Solving the Verticle Wave Problem: Time to Reach Equilibrium for a 0.2 kg Load

[timtng]

A load of mass .2 kg is hanging from a light spring whose elastic constant is 20 N/m. The load is pulled down .1 m from its equilibrium position and released.

How long is required for the load to reach its equilibrium position?

This is what I did:
T=2π(sqrt(m/k))=.628 s

my friend said the answer should be a fourth of that value, which is .157 s.

Is my friend correct?

Please help
Thanks

 

[yxgao]

Your friend is correct.

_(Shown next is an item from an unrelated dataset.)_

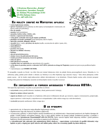 1 Drużyna Harcerska „Knieja” Drużynowy Jarosław Zasacki ul. Stefana Wyszyńskiego 21/61 65-536 Zielona Góra TEL. 607-429-314 CO NALEŻY ZABRAĆ NA HARCERSKI WYJAZD: • ważna legitymacja szkolna, • śpiwór i karimata (jeżeli jedziemy na obóz śpimy na kanadyjkach z materacami, ale śpiwór nadal jest potrzebny), • dres do spania, • mundur (jeśli posiadamy), • menażka, kubek, łyżka, widelec, nóż, • latarka z zapasowymi bateriami, • wodę gdyby zachciało nam się pić między posiłkami, • pieniądze na kartki i pamiątki (jeżeli planujemy takowe kupić), • śpiewnik, notatnik, długopis, ołówek, • ręczniki (duży i mały), przybory do mycia (mydło, szczoteczka do zębów i pasta, itd.), • strój kąpielowy, • strój sportowy, • przybory do szycia, • ubranie na chłodne wieczory, • bieliznę, • okrycie przeciwdeszczowe, • ciemne rzeczy do pobrudzenia lub moro, • środek przeciwko komarom, krem do opalania, • nakrycie głowy, • mały plecak na wycieczki, • wygodne buty na wędrówkę (po sprawdzeniu ich wygody). • co do obozu to prosimy jeszcze o zabranie 16.07.2012r. jedzenia na drogę do Wapienicy (ponieważ pierwszym posiłkiem będzie obiad), • i najważniejsze czyli DOBRY HUMOR. W przypadku wyjazdu na biwak i na obóz lista jest niemal identyczna różni się jednak ilością poszczególnych rzeczy. Menażkę tu i tu zabieramy jedną, jednak jeżeli chodzi o ubrania czy bieliznę to na obóz będziemy tego znacznie więcej. 7 dnia obozu planujemy zrobić pranie ręczne - tak by każdy mógł jednocześnie zdobyć doświadczenie w tej dziedzinie. Ubrania będzie można sobie również przeprać każdego dnia ponieważ zbudujemy suszarnie na której będzie można wszystko wysuszyć. CO ZAPEWNIAMY W RAMACH WPISOWEGO - WAPIENICA 2012R, Tak naprawdę zapewniamy wszystko co jest potrzebne na obozie: • wyżywienie (cztery posiłki dziennie: śniadanie, obiad, podwieczorek i kolację), • dojazd na miejsce obozu i powrót, • zajęcia na obozie (czyli wszystko to co będziemy robić przez te kilkanaście dni jak: gry terenowe, zajęcia z terenoznastwa, pośpiewajki, zajęcia sportowe i wiele innych, a najciekawsze to niespodzianka i tylko rodzice mogę się o nich dowiedzieć), • wycieczki (przejazdy autobusami, bilety wstępu itp.). O CO PROSIMY: • upewnienie się, że harcerze mają aktualne legitymacje szkolne, • dopilnowanie tego aby harcerze się dobrze spakowali, • wyznaczymy godziny w jakich będzie można kontaktować się telefonicznie z harcerzami ponieważ nie będzie dostępu do prądu i trzeba będzie oszczędzać baterie. Ale w razie gdyby telefon się komuś jednak rozładował prosimy o kontakt z drużynowym Jarosławem Zasackim(607-429-314 PLUS), który zawsze będzie miał włączony telefon i jeżeli państwo będziecie chcieli porozmawiać z pociechą to poprosi ją do telefonu, • o niezabieranie lub zabranie jak najmniejszej ilości słodyczy - zapewniamy wyżywienie (4 posiłki dziennie) więc będzie co jeść, a lepiej jest zjeść zdrowo niż oddać pełny talerz bo wcześniej zjadło się dużo słodyczy. JAK SIĘ SPAKOWAĆ 1. Zabieramy tylko to co jest potrzebne. Jeżeli nie przestrzegamy tej zasady to lepiej nawet nie zabierajmy się za pakowanie bo nawet jak zrobimy to dobrze to dalej będziemy nieśli po prostu worek kamieni. Istotne jest to aby na początku zrobić sobie dlatego listę tego co chcemy zabrać. Potem dokładnie przemyśleć czy to co wypisaliśmy naprawdę się nam przyda. Bo mi samemu zdarzało się brać czasem przedmioty, które jak twierdziłem w domu na pewno użyję, a kończyło się tak, że drugi raz oglądałem je jedynie podczas pakowania na koniec wyjazdu i nie byłem w stanie ich zmieścić. 2. Gdy pakujemy się w drogę powrotną rzeczy jakby zwiększyły swoją objętość. Mimo, że mamy mniej do spakowania bo słodycze zjedliśmy, a wodę wypiliśmy - rzeczy, które w domu bez problemu wchodziły na swoje miejsce teraz zalegają nam na kanadyjce, a plecak już jest pełny. Najlepszym lekarstwem na to jest pakowanie się samemu od początku do końca przed wyjazdem wtedy zapamiętacie gdzie co pasowało i w razie czego możecie jeszcze zareagować i zostawić mniej potrzebne rzeczy w domu. Trzecia zasada to: 3. Spakowanie wszystkiego w jeden plecak. Jeżeli oczywiście macie na tyle duży bo nikt nie zrobi tego mając szkolny plecak. Chodzi tutaj głównie o to aby mieć wolne ręce ponieważ gdy będziemy mieli plecak na plecach i po torbie w rękach będzie nam bardzo niewygodnie. A po kilkudziesięciu metrach wszystko będzie nas bolało jakbyśmy przeszli kilka kilometrów i do tego pod górę. Dlatego postarajcie się zmieścić wszystko do jednego plecaka. 4. Najpotrzebniejsze rzeczy spakuj tak by były łatwo i szybko dostępne. Legitymacje szkolne, płaszcz przeciwdeszczowy, środki higieny, napoje. Argument przemawiający za tą zasadą jest bardzo prosty i mam nadzieję, że już wszystkim znany: nie chcesz za każdym razem wyjmując napój wyjmować wszystkiego z plecaka, a potem ponownie wpakowywać do plecaka - szkoda czasu i sił. Ostatnia zasada jest również ważna i zarazem krótka. 5. Nie lekceważ żadnej wędrówki, Plecak mamy na plecach dlatego zawsze powinien być prawidłowo spakowany nie zależenie od tego ile będziemy go mieli na plecach i gdy dobrze go spakujemy będzie wygodniej i bezpieczniej również dla innych osób z którymi wędrujemy. A gdy raz nauczymy się dobrze pakować będziemy to robić zawsze bez zastanowienia. ZOBRAZOWANIE DOBRZE SPAKOWANEGO PLECAKA: 1. Pakowanie - ciężar przedmiotów 1. Pakowanie - rodzaj przedmiotów Pierwszy obrazek jest najważniejszy pokazuje jak należy spakować się biorąc pod uwagę masę przedmiotów jakie zabieramy. Najcięższe rzeczy muszą być blisko pleców w środkowej części plecaka (to będzie jego środek ciężkości), do górnej komory instalujemy przedmioty o

The period you calculated is for one complete oscillation (that is, if the mass went pass equilibrium position, reached a stopping point, turned around, went pass equilibrium position again, and arrived at where you started from). From the stretched position, to get to equilibium requires 1/4 of a complete oscillation.

 

[M98Ranger]

No, your friend is not correct. Your calculation of 0.628 seconds is the correct answer. The equation T=2π√(m/k) is the formula for the period of a simple harmonic motion, which is the time it takes for the object to complete one full oscillation. In this case, the load will reach its equilibrium position after one full oscillation, so the time required for it to reach equilibrium is equal to the period. Therefore, your calculation of 0.628 seconds is the correct answer.